The Joy of Gardening
Gardening for the Homebrewer is a helpful guide book about beer, wine, cider, and liqueur and the ingredients that go into each. The book aims to supply the more advanced or more interested homebrewer with the necessary knowledge to take his/her hobby to the next level by growing the ingredients in one’s own back yard, for a truly pure and natural beer or wine made in the most self- sufficient way possible.
Here at Great Beer Now, we tend to like drinking beer more than making beer, but we have not been without our own foray into the world of brewing beer. Our experience has been more along the lines of beer making kits and bags of dried malt- not with using freshly grown ingredients. Living in the city, the idea of growing my own barley, wheat, and hops isn’t really practical but I can see how this would appeal to the more serious homebrewer and Gardening for the Homebrewer is a good guide book to help homebrewers learn how/when to plant seed, how to take care of plants, how/when to harvest, and how best to utilize fresh ingredients to make your beer taste better than ever.
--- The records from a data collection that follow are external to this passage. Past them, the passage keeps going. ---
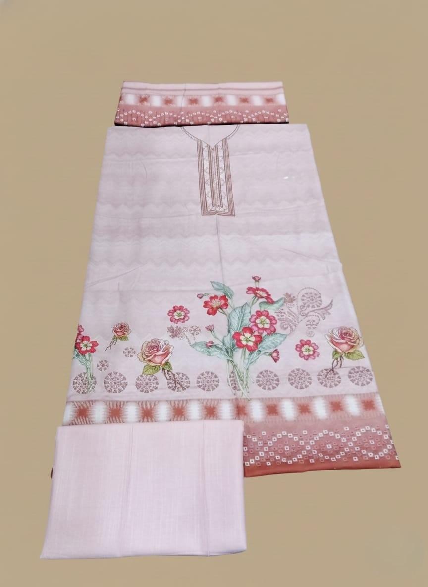 3-piece unstitched Printed Khaddar Suit. Features a warm and durable khaddar fabric, an attractive print (e.g., in winter colors), and a plain matching trouser. Ideal winter ethnic wear.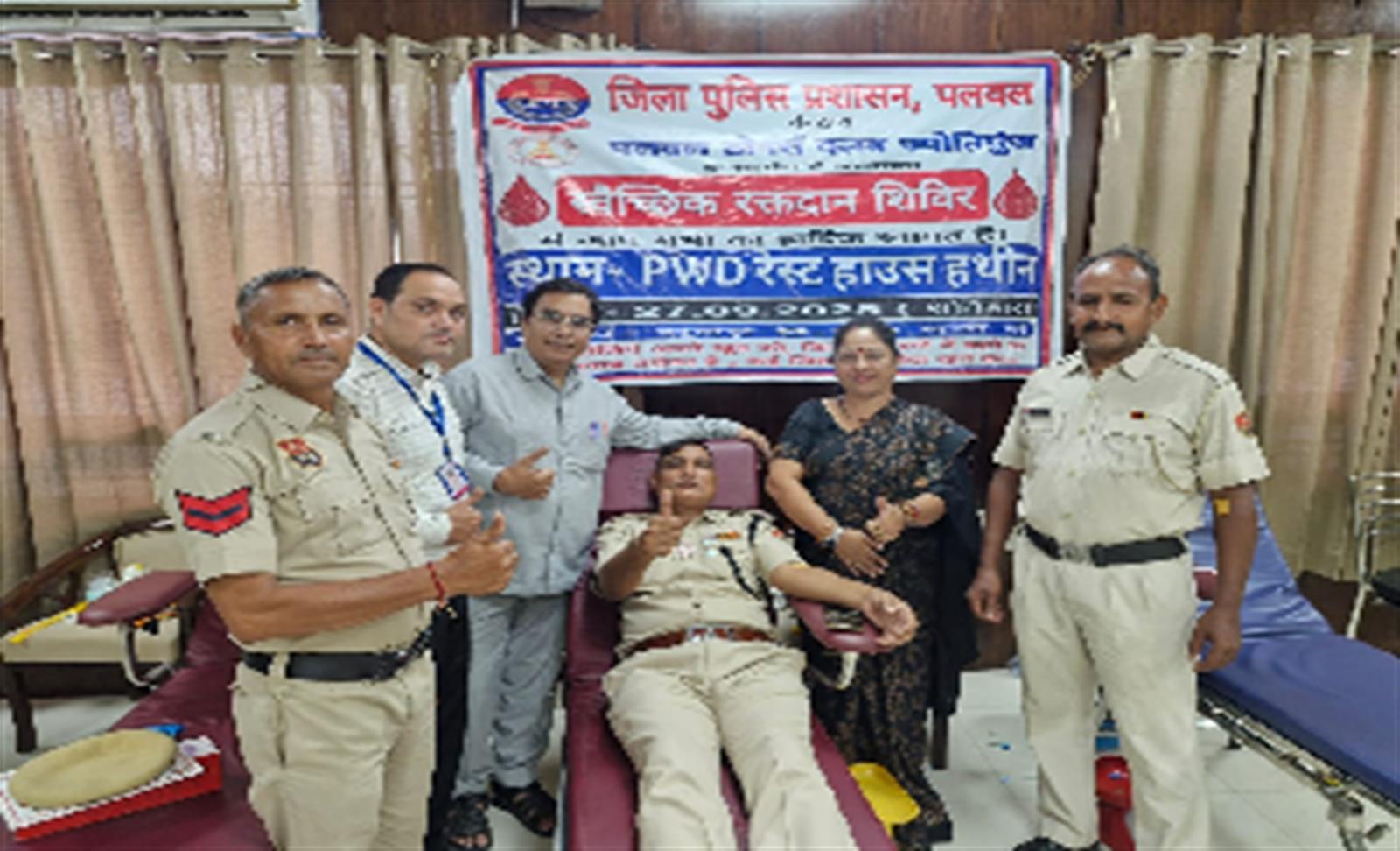 कुलवंत कौर के साथ बंसी लाल की रिपोर्ट। हरियाणा पुलिस ने सेवा पखवाड़ा के तहत समाज सेवा का एक प्रेरणादायक उदाहरण पेश करते हुए जिला पलवल के एस पी वरुण सिंगला के मार्गदर्शन में हथीन में पलवल डोनर्स क्लब ज्योतिपुंज के सहयोग एक स्वैच्छिक रक्तदान शिविर आयोजित किया। शिविर का संयोजन हथीन एस एच ओ हरी कृष्ण, क्लब के मुख्य संयोजक आर्यवीर विकास मित्तल, सह संयोजक अल्पना मित्तल ने किया ।शिविर का उद्घाटन हथीन के डीएसपी महेन्द्र सिंह ने रिबन काटकर किया। उन्होंने रक्तदाताओं को बैच लगाकर सम्मानित किया और उनकी निस्वार्थ सेवा भावना को सराहा।उन्होनें यह भी कहा कि रक्तदान जीवनदान है और पुलिस केवल कानून-व्यवस्था की रखवाली तक सीमित नहीं, बल्कि मानवता की सेवा में भी अग्रणी भूमिका निभा रही है।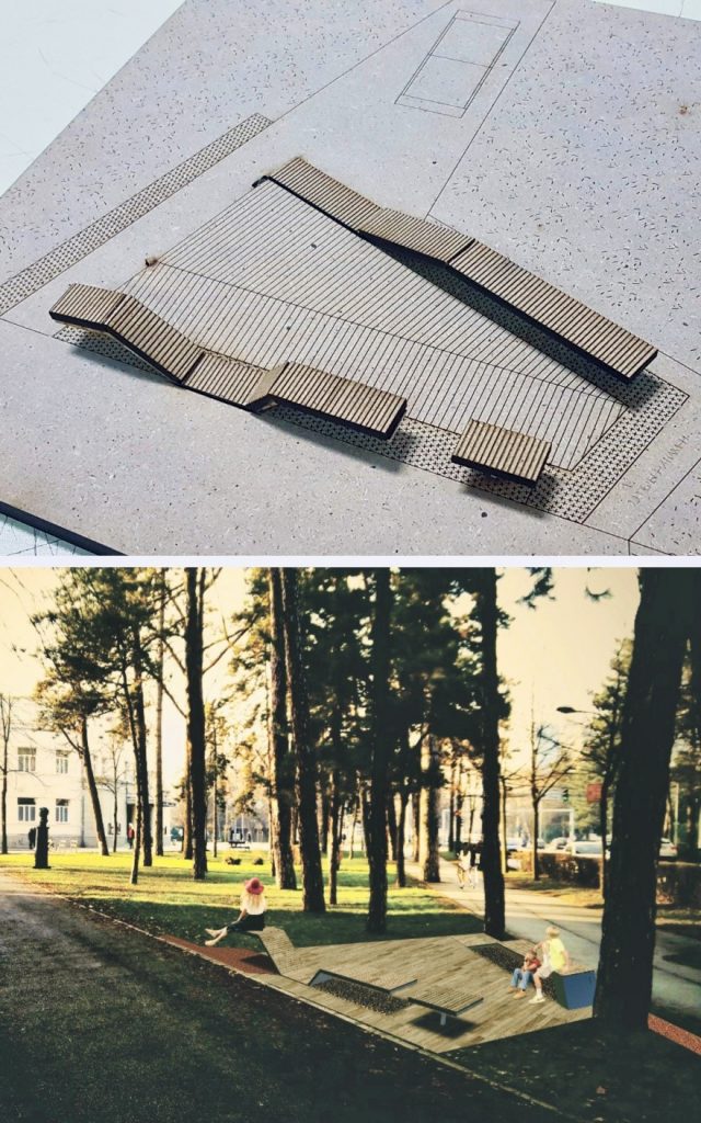 За најбољи дизајн клупа и локацију у градској језгри изабрано је рјешење за зелену површину у Алеји Светог Саве, у близини Народног позоришта РС – тзв. Батерфлај парк.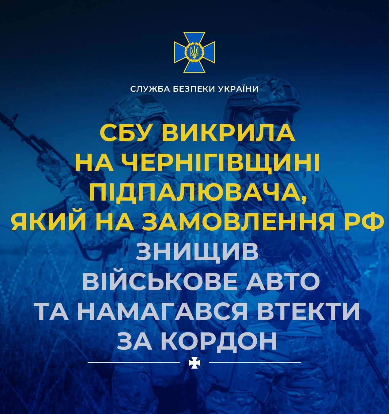 Контррозвідка Служба безпеки України викрила зловмисника, який за вказівкою куратора з російської федерації знищив військовий автомобіль, що використовувався для забезпечення підрозділів Сил оборони України, та намагався втекти за кордон.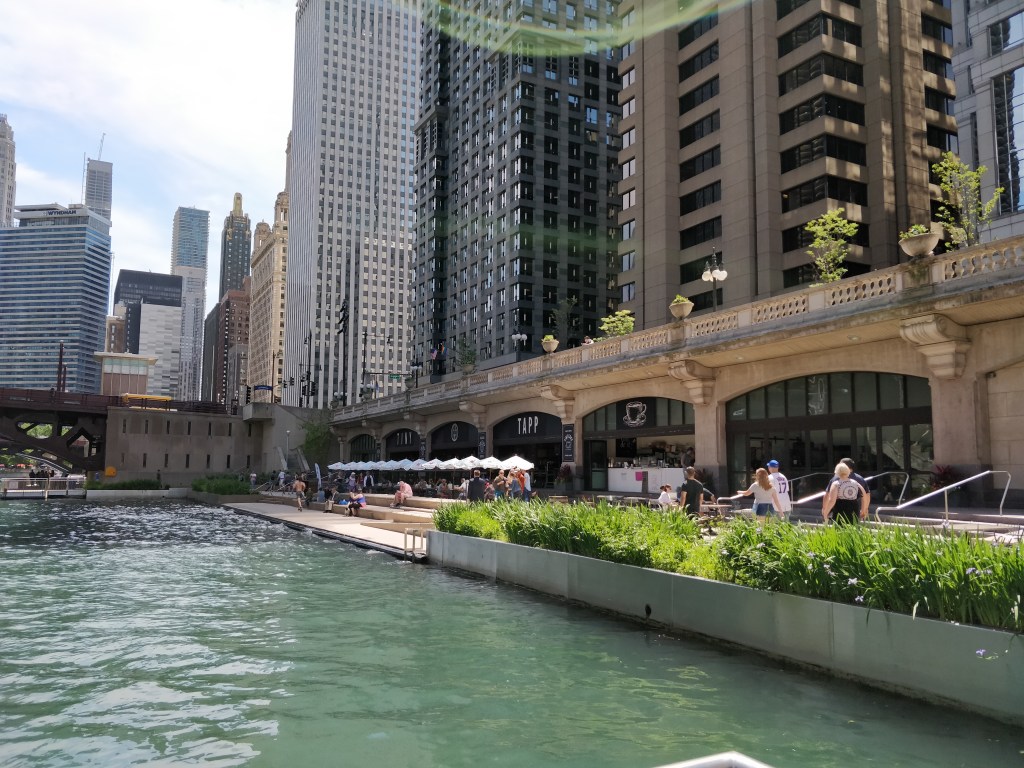 La première chose à faire est de prendre le métro aérien (Le Loop) pour se rendre jusqu’à la promenade fluviale de la Riverwalk.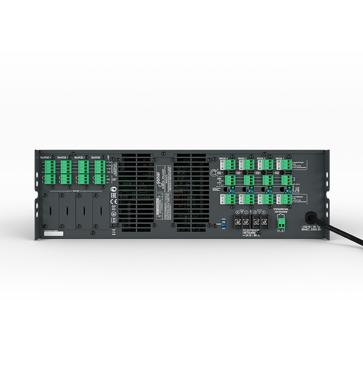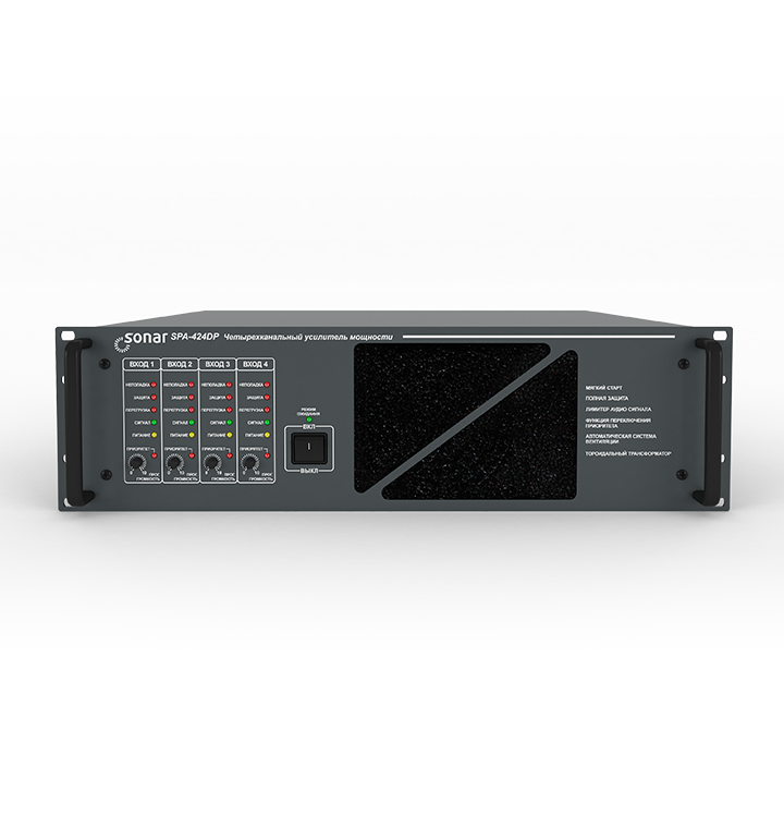 Sonar SPA-424DP – Усилитель мощности трансляционный, выходная мощность 4*240 Вт, выходное напряжение 25/50/100 В, с приоритетным и программным входом, защита от КЗ и перегрузки по току, защита от бросков напряжения, подключение дополнительных модулей SFD-200 (контроль линии), питание 220В(AC)/24В(DC), потребление 2500 Вт, 3 U, 483*133*374 мм, 29.6 кг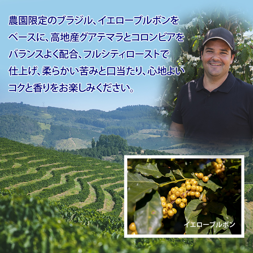 農園限定のブラジル、イエローブルボンをベースに、高地産グアテマラとコロンビアをバランスよく配合、フルシティ―ローストで仕上げ、柔らかな苦みと口当たりの味わいです。

Gardening for the Homebrewer is a useful hands- on guide and I like how it includes so many little tidbits of information. Yes, there are lots of books and advice on gardening, but this book includes helpful tips on things not often covered in other gardening books, like proper cleaning of your freshly harvested food, knowing the right time to harvest, selecting a potting container, sorting and eliminating food items not fit for consumption, and so on. The book also contains its share of humor, which is not something found in the typical book on this subject.
One of the surprises with this book is the chapters on other adult beverages: wine, cider, gruit, and liqueur. Judging by the book’s title, I didn’t expect anything at all relating to other drinks. I expected this book to be dedicated solely to grains, hops, and other ingredients used in beer. I wasn’t so sure I appreciated this other information, but the more I read, the more I could recognize its value. The proper growing and care of grapes, apples, pears, herbs, and like items is good information to know about for any gardener, but since these items are sometimes used in craft beer, the usefulness of this information to someone who is strictly a homebrewer is obvious.
Expand Your Homebrew Horizons
Gardening for the Homebrewer is a very good book on growing, caring for, and harvesting the ingredients common to today’s adult beverages. It helps homebrewers, wine makers, cider makers, and others take their hobby to new heights, using fresh ingredients grown right on one’s own premises for the most natural, unprocessed beverage possible.
I like the way this book is written. About the only improvement I can think of is the addition of a concluding chapter. The way it is written, the book ends with a section on herbs, stopping suddenly after talking about the last one, thyme. The reader flips the page and expects to read a closing chapter or something similar that ties everything together. Instead, the next thing you see is a page of acknowledgments and photo credits. A conclusion would be a better way to summarize key points before sending the gardener on his/her way.
Craft beer and the homebrewing hobby have come a long way since homebrewing was legalized back in the 1970’s. With the proliferation of craft beer, homebrewers have grown more creative, more experimental, and more avid than before, willing to try new ingredients and tweak recipes in directions once considered unthinkable. Gardening for the Homebrewer helps homebrewers grow their own ingredients for the freshest, most authentic, most personalized, and most natural beer, wine, or cider possible. It’s a handy guide that belongs in any homebrewer’s library.